▶ _WORK REQUEST_: Locate the line bearing "jeziora Niegocin |" in the material below, then reproduce it and each following line up to and including the line bearing "Серьги из красного".

▶ _SUPPLIED DATA_:

..............................

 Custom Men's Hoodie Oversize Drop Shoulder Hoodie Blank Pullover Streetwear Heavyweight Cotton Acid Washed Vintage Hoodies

..............................

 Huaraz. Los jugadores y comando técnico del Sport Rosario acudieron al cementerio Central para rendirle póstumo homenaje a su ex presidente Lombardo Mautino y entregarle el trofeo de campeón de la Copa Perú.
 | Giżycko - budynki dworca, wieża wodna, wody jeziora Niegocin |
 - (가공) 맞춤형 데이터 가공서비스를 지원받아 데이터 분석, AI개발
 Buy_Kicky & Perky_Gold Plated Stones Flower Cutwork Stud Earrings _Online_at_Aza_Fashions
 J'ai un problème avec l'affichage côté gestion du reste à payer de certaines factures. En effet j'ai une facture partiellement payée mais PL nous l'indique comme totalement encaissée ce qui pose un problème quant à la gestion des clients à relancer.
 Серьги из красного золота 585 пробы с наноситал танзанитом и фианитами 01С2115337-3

..............................

▶ _REPLY_:
 | Giżycko - budynki dworca, wieża wodna, wody jeziora Niegocin |
 - (가공) 맞춤형 데이터 가공서비스를 지원받아 데이터 분석, AI개발
 Buy_Kicky & Perky_Gold Plated Stones Flower Cutwork Stud Earrings _Online_at_Aza_Fashions
 J'ai un problème avec l'affichage côté gestion du reste à payer de certaines factures. En effet j'ai une facture partiellement payée mais PL nous l'indique comme totalement encaissée ce qui pose un problème quant à la gestion des clients à relancer.
 Серьги из красного золота 585 пробы с наноситал танзанитом и фианитами 01С2115337-3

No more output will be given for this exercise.